8. Don't get hung up on taking pictures of newpapers taped to walls. No one in your family nor your friends is gonna "oooh" or "awe" at those shots.

9. Use the lens. Take lots more pics.

10. Don't blame the lens for soft pics. It is probably you or your technique.

11. Don't blame the lens for flare if you point towards the sun.

12. Don't blame the lens for distortion if you are using a wide angle

13. Don't blame the lens if it is too dark to autofocus with your camera

14. Don't blame your camera if the lens is too dark to autofocus

15. Don't expect to take pics in total darkness.
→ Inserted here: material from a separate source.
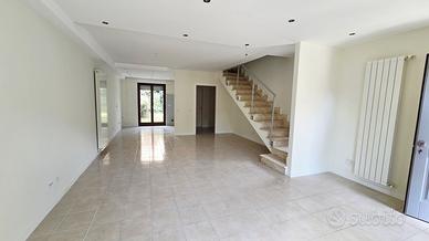 Cave, via Giulio Rinaldi, Lo Spazio Immobiliare di Daniele Ercoli propone in vendita una bellissima villa a schiera angolare di recente costruzione con giardino e così composta: piano terra da cucina semi abitabile, ampio soggiorno con camino, due ripostigli, bagno e antibagno, primo piano da tre camere da letto, un armadio armadio a muro, due ampi bagni e balconi, piano mansarda una camera open space con terrazzo.

16. When you are satisfied that you know where your limits are...go buy another lens and start over.

Now...that being said (that's a lot)...consider the above carefully. It will safe you frustration and money in the long run. Honestly. s

And what are a few of my favorite lenses?

Here are a few so far:

1. Canon 50mm f1.4

2. Canon 28-135IS

3. Canon 70-200mm f2.8 "L"

4. Canon 70-200mm f2.8 IS "L"

5. Sigma 20mm f1.8

6. Sigma 105mm f2.8 Macro

7. Canon 100-400IS "L"

8. Canon 50mm f1.8

All of the above have served me well, helped to make me money (they are just tools afterall), and please me with results and good pics.

But what about the cheaper "consumer zooms?"

I can only honestly add a comment based on my own experience with the slower/cheaper super zooms. Let's one time I had a Sigma 28-300 or something like that (can't really remember)...and I loved the zoom. But...I did not love the pics. I did not like the dark viewfinder, and I did not like the restrictions. So...if that kind of lens is your current experience, let me assure you that there is a big revelation coming to you when you "see the light" and buy a faster lens or fast prime lens. Stunning difference.

Let me add this....

If you have lots of money...go ahead and spend it to make yourself happy. Buy a whole suite of L glass if you want.

But...the glass is not what is going to make you a better photographer. That comes with "vision," experience, luck, skill, and creativity.

I hope that helps a few folks. If you find it helpful, please just post a reply stating so. If you disagree, well...go post your own topic (wink).